Copyright
AI2 Drops Molmo2: Open Video Models That Actually Know Where Things Are
The Allen Institute releases vision-language models with pixel-perfect grounding capabilities, trained on 9 million videos without using proprietary model outputs—and they're beating Gemini at its own game.

The Allen Institute releases vision-language models with pixel-perfect grounding capabilities, trained on 9 million videos without using proprietary model outputs—and they're beating Gemini at its own game.
Point at any object in a video frame and ask "what happens to this next?" Molmo2 will track it through time and space with precision that, according to AI2's benchmarks, surpasses Google's Gemini 3 Pro on grounding tasks. The 8-billion parameter model achieves 38.4% F1 on video pointing compared to Gemini 1.5 Pro's 20.0%, while the entire training dataset—nine new collections covering captioning, question-answering, and tracking—is being released alongside the weights.
AI2 appears to have closed something that's plagued open-source vision models: the grounding gap. While proprietary systems from OpenAI and Anthropic keep their training data locked away, AI2 built their datasets from scratch. They avoided distilling outputs from closed models, a practice that's become standard in the open-source community but raises legal and quality concerns.

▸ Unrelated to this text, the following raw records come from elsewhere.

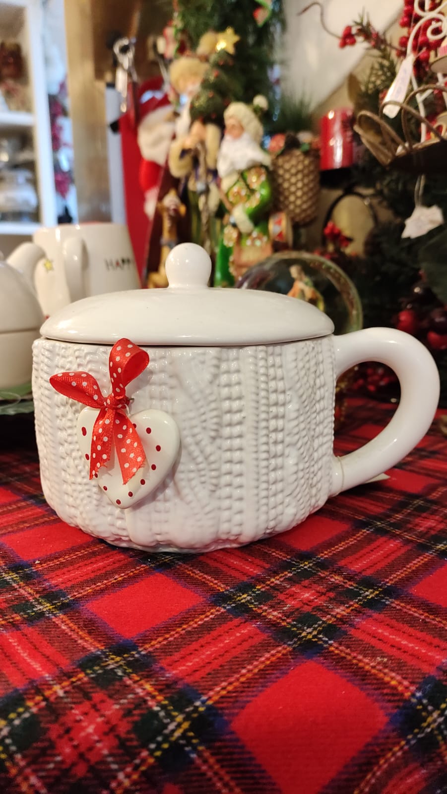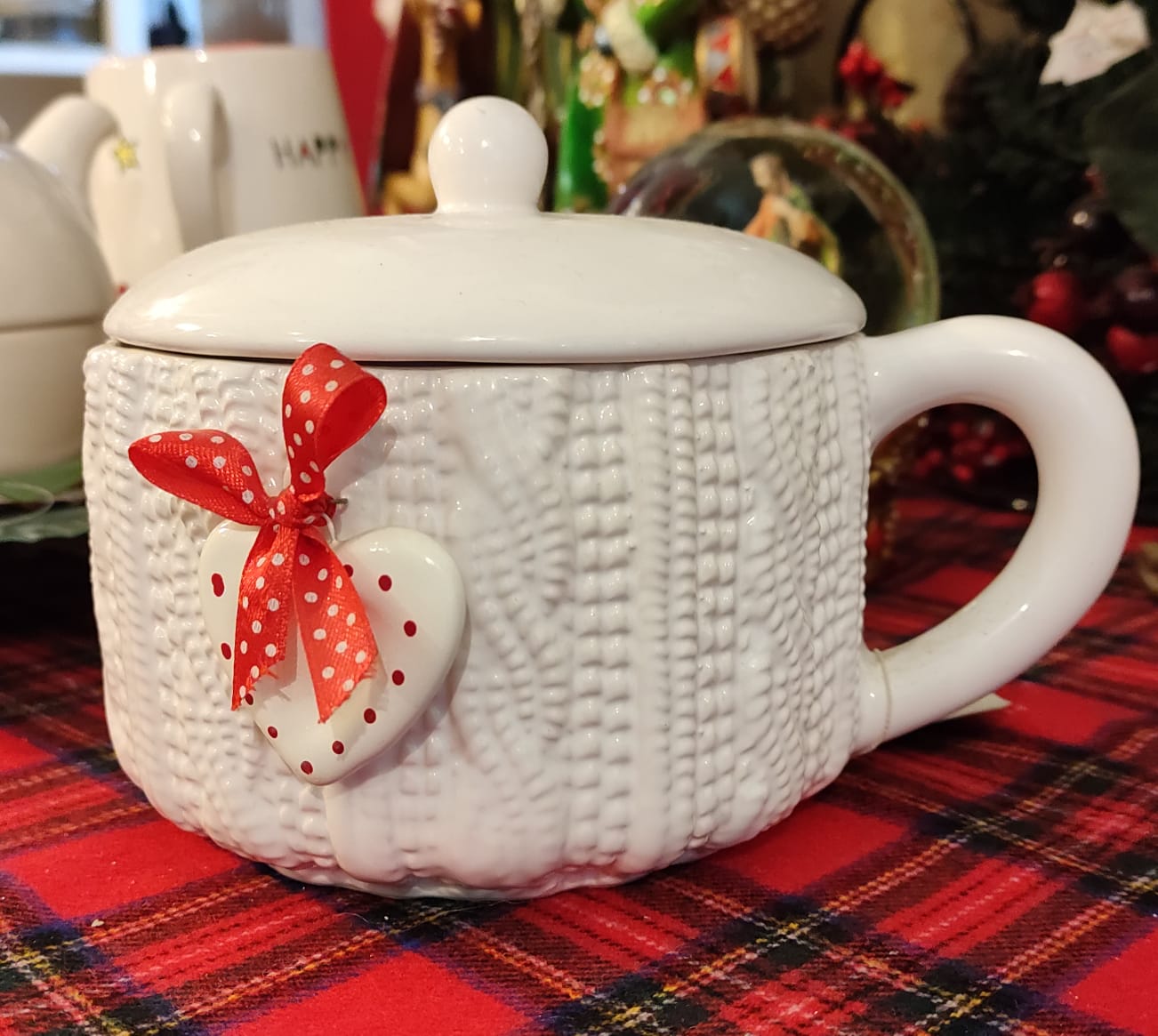 Tazzone con coperchio effetto maglia / porta biscotti cm 13 h x 17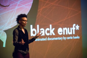 The season ends with an eclectic shorts program (February 18) featuring the animated documentary black enuf* by Carrie Hawks, the story of a “queer oddball” on a quest for acceptance and self-love while exploring expanding ideas of black identity; Swimmin’ Lesson, director Shahari Moore’s poetic and moving tale of one young father’s recollection of his son’s fate during Hurricane Katrina; and Stacey Holman’s Dressed Like Kings, an insightful look at the South African pageant where men compete in formal wear for the title of the best and freshest dresser.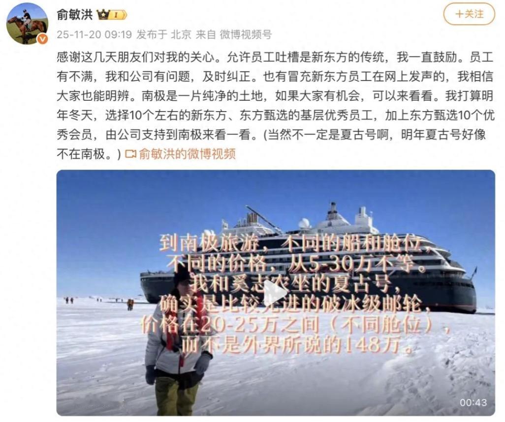俞敏洪回应“员工公开信吐槽”风波,写信的员工不会像网上说的那样会被整,在正常上班!对于员工反映的问题,自己也在找人调查整改。 2025年12月6号,持续升温的新东方公开信争议终于迎来创始人俞敏洪的正面回应。 在社交平台的发声中,他首先打消了公众最关心的顾虑,此前写信吐槽加班问题的员工,均在原岗位正常工作,所谓“被打击报复”的传言并不属实。 俞敏洪直言不讳地承认,自己此前在南极发布的内部信存在表达疏漏,没能体谅到那个时候正身处加班状态的员工们的真实感受。 这份回应暂时平息了外界的猜测,但要理解员工群体的情绪共鸣点,还得从一个月前的南极之行说起。 11月16日,新东方迎来32周年庆,身为创始人的俞敏洪正在南极考察,当天他向全体员工发送了题为“冰雪中的坚守”的内部信函。 信中既有对创业三十年历程的回顾,也有对未来发展的规划,其中特别提到“欢迎大家公开表达看法”,正是这句话,给了后来发声的员工勇气。 11月18日当天,他集中发布了10条现场视频,画面里的南极冰川壮阔无垠,引得不少网友赞叹。面 对评论区的疑问,他解释称因南极信号不稳定,这些视频是四天前拍摄的。 不过网友的关注很快从风景转向行程本身,有网友说自己调查后发现,他乘坐的“夏古号”邮轮,单人次29天行程的报价在旅行平台上高达148万元。 这个数字让内部员工的情绪有了波动,有人私下感慨“我们在办公室熬夜赶进度,老板在南极看风景”,更有极端声音将两者直接关联。 这种情绪的积累,在12月4日达到了顶点,杭州新东方一名课程顾问,选择在公司钉钉全员群发布长文,标题定为《别让教育初心,耗在无序加班里》。 文章里,她详细描述了一线岗位的真实处境,每天工作时长普遍超过10小时,“996单休”已经成为无法打破的惯例,这与劳动合同中明确约定的“双休8小时”严重不符。 除此之外,招生指标定得远超合理范围,加班不仅没有相应报酬,就连工作安排也时常临时变更,让人难以适应。 这位员工在文中提到,自己正是受到俞敏洪南极来信中“鼓励吐槽”的启发才选择发声。但让她始料未及的是,文章发布后不久就被系统删除,自己的钉钉账号也被封禁。 这一结果迅速引发外界关注,网友纷纷前往俞敏洪的视频评论区留言,追问加班问题的解决方案。 事实上,在这次回应之前,俞敏洪已经针对南极行程的争议有过一次致歉。 11月23日,他表示信中使用南极相关的比喻并无炫耀之意,对于“用员工血汗钱旅游”的说法,他认为并不恰当,强调管理层同样在为企业发展努力。 只是那次致歉,并未触及员工最关心的加班权益问题。 直到12月6日的回应,俞敏洪才真正直面了问题的关键。 他坦言,当时身处南极特殊环境,写信时自然融入了当地场景,完全没考虑到这种表述会让正在加班的员工产生心理落差。 这些话点出了整个事件的核心矛盾,管理者的“远方视角”与员工的“现实处境”形成了鲜明反差。 员工们在狭小的出租屋里对着电脑核算数据、对接客户,常常忙到连晚饭都没时间吃。 而俞敏洪在遥远的南极欣赏着极致风光,在视频中透露,计划成立青少年探索中心,明年组织孩子来南极考察。 更让员工感到失望的是,信中承诺的“欢迎吐槽”,在实际发生时却换来“删帖封号”的结果。 员工们真正在意的,从来不是一句简单的道歉,而是自身合法权益能否得到保障。 就像这位员工在信中引用的俞敏洪过往言论:“如果公司持续损害员工权益,就不是好公司。” 公司与员工之间,本质上是相互成就的关系,企业的发展依赖员工的付出,而员工的付出也理应得到尊重和合理回报。 俞敏洪在回应里也提到,已经让相关部门去调查员工反映的问题,真有问题就立刻纠正。 这个承诺能不能兑现,还需要时间检验,但至少让大家看到了正视问题的态度。 再宏大的“教育初心”,再遥远的南极风光,都得建立在眼前员工的权益得到保障的基础上。 要是连身边人的辛苦都顾及不到,再美的远方,也撑不起企业的长久发展。
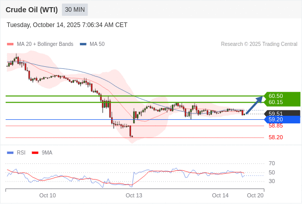 在 59.20 之上,看涨,目标价位为 60.15 ,然后为 60.50 。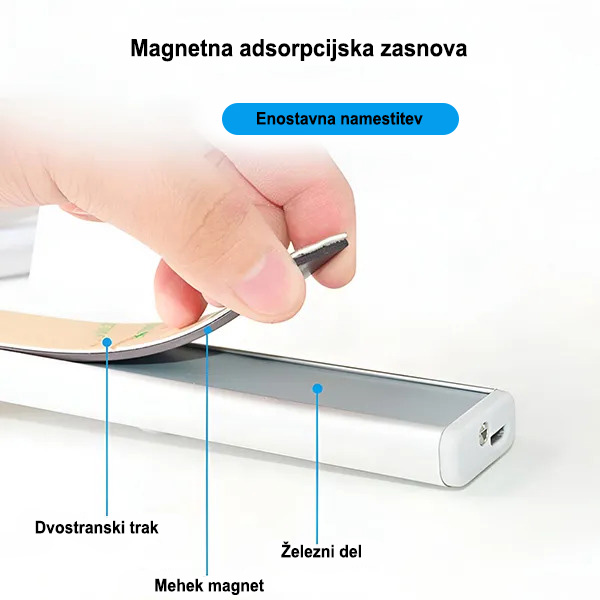 Prilepite ga ob vrata kopalnice ali v notranjost. Ko se približate, se aktivira in zagotovi dovolj svetlobe za nočne obiske brez močne svetlosti zgornjih luči.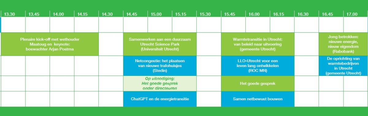 • ‘Hoe-gaat-het-nu-met…-sessies’: Silvester Heijdemann (Stedin) en Jo-Anne Kooijman (gemeente Utrecht) geven een update over netcongestie en gaan in op de afwegingen voor het plaatsen van 800 trafohuisjes in de stad. Albert-Jan Krikke (Tech Campus, ROC Midden Nederland) laat zien hoe de LLO-katalysator leren en werken in de energietransitie versnelt. Mila Verdonk (gemeente Utrecht) en Jort Meijer (Oog voor Warmte) vertellen hoe het gaat met de oprichting van publieke én lokale warmtebedrijven, zoals in Oog in Al.

"The model achieves frontier-class performance with fewer parameters," notes The Robot Report, highlighting how the 8B version outperforms AI2's previous 72B Molmo despite being nine times smaller. The efficiency story extends to training data: Molmo2 used 9.19 million videos compared to the 72.5 million that competitors typically require, according to WaveSpeedAI's analysis.
The technical architecture, detailed in the arXiv paper, introduces several optimizations including efficient packing, message-tree encoding, and bi-directional attention. The methodological innovation may matter more. By creating seven new video datasets that avoid proprietary model outputs, AI2 sidesteps both potential legal issues and the quality degradation that comes from training on synthetic data.
Three models comprise the family: a 4B parameter version for edge deployment, the flagship 8B built on Qwen3 architecture, and a 7B variant using AI2's own Olmo base. Each targets different deployment scenarios. The 4B handles content moderation and cataloging efficiently, while the 8B tackles complex multi-frame reasoning tasks.
Get the latest model rankings, product launches, and evaluation insights delivered to your inbox.
WaveSpeedAI has already integrated the models into their API, emphasizing low-latency inference for real-time applications. Fireworks AI hosts the 8B variant with optimized GPU deployment for enterprises. The rapid platform adoption suggests pent-up demand for open alternatives to proprietary vision APIs.
The grounding capabilities represent a specific technical advance: spatio-temporal localization. Users can select pixels in one frame and track them across time, or point to an object and ask questions about its trajectory. On video tracking benchmarks, Molmo2 achieves 56.2 J&F score, establishing what alphaXiv discussion calls a new state-of-the-art for open models.
Questions remain about generalization. The benchmarks where Molmo2 excels—pointing, counting, tracking—are narrow compared to the broad capabilities claimed by frontier labs. The model's performance on creative tasks, complex reasoning, or adversarial inputs hasn't been extensively documented.
AI2's emphasis on transparency extends beyond releasing weights. They've published the complete training recipe, data collection methodology, and evaluation protocols. This level of openness contrasts sharply with the black-box approach of commercial providers, though it also means competitors can immediately replicate and extend the work.
The timing matters. As video generation models proliferate and synthetic content floods platforms, the ability to precisely identify and track objects becomes critical infrastructure. Content moderation, fact-checking, and attribution all require models that can ground claims in specific visual evidence.
Video creators gain pixel-level annotation tools with no API dependencies. Enterprises can deploy grounding capabilities on-premise, avoiding data leakage. Researchers receive complete reproducibility through data, weights, and training code. The 4B model enables real-time video analysis on consumer hardware, and open datasets provide training material for specialized domain adaptation.
The real test comes next: whether the community can build on these foundations faster than proprietary labs can extend their lead. AI2 has open-sourced the picks and shovels for video understanding. What gets built with them will determine if this marks a turning point or merely narrows the gap.